Mr. D.L. Moody relates the instance of a poor little cripple, whose prayers were answered to the conversion of fifty-six people.

"I once knew a little cripple who lay upon her death bed. She had given herself to God, and was distressed only because she could not labor for Him actively among the lost. Her clergyman visited her, and hearing her complaint, told her from her sick bed she could pray; to pray for those she wished to see turning to God. He told her to write the names down, and then to pray earnestly; he went away and thought of the subject no more.
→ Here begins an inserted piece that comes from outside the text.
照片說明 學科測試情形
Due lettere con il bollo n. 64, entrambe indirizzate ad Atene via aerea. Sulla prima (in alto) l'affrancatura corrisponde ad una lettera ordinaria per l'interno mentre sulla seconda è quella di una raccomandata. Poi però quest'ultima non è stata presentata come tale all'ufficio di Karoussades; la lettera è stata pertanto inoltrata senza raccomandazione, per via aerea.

"Soon a feeling of religious interest sprang up in the village, and the churches were crowded nightly. The little cripple heard of the progress of the revival, and inquired anxiously for the names of the saved. A few weeks later she died, and among a roll of papers that was found under her little pillow, was one bearing the names of fifty-six persons, every one of whom had in the revival been converted. By each name was a little cross by which the poor crippled saint had checked off the names of the converts as they had been reported to her."

Please God, Give Us A Home.

Mr. Moody tells of a beautiful answer to the faith of a little child.

"I remember a child that lived with her parents in a small village. One day the news came that her father had joined the army (it was the beginning of our war), and a few days after, the landlord came to demand the rent. The mother told him she hadn't got it, and that her husband had gone into the army. He was a hard-hearted wretch, and he stormed, and said that they must leave the house; he wasn't going to have people who couldn't pay the rent.

"After he was gone, the mother threw herself into the armchair, and began to weep bitterly. Her little girl, whom she taught to pray in faith, (but it is more difficult to practice than to preach,) came up to her, and said, 'What makes you cry, mamma, I will pray to God to give us a little home, and won't He?' What could the mother say? So the little child went into the next room and began to pray. The door was open, and the mother could hear every word.

"'O, God, you have come and taken away father, and mamma has got no money, and the landlord will turn us out because we can't pay, and we will have to sit on the door-step, and mamma will catch cold. Give us a little home.' Then she waited as if for an answer, and then added, 'Won't you, please, God?'

"She came out of that room quite happy, expecting a home to be given them. The mother felt reproved. God heard the prayer of that little one, for he touched the heart of the cruel landlord, and she has never paid any rent since."

God give us the faith of that little child, that we may likewise expect an answer, "nothing wavering."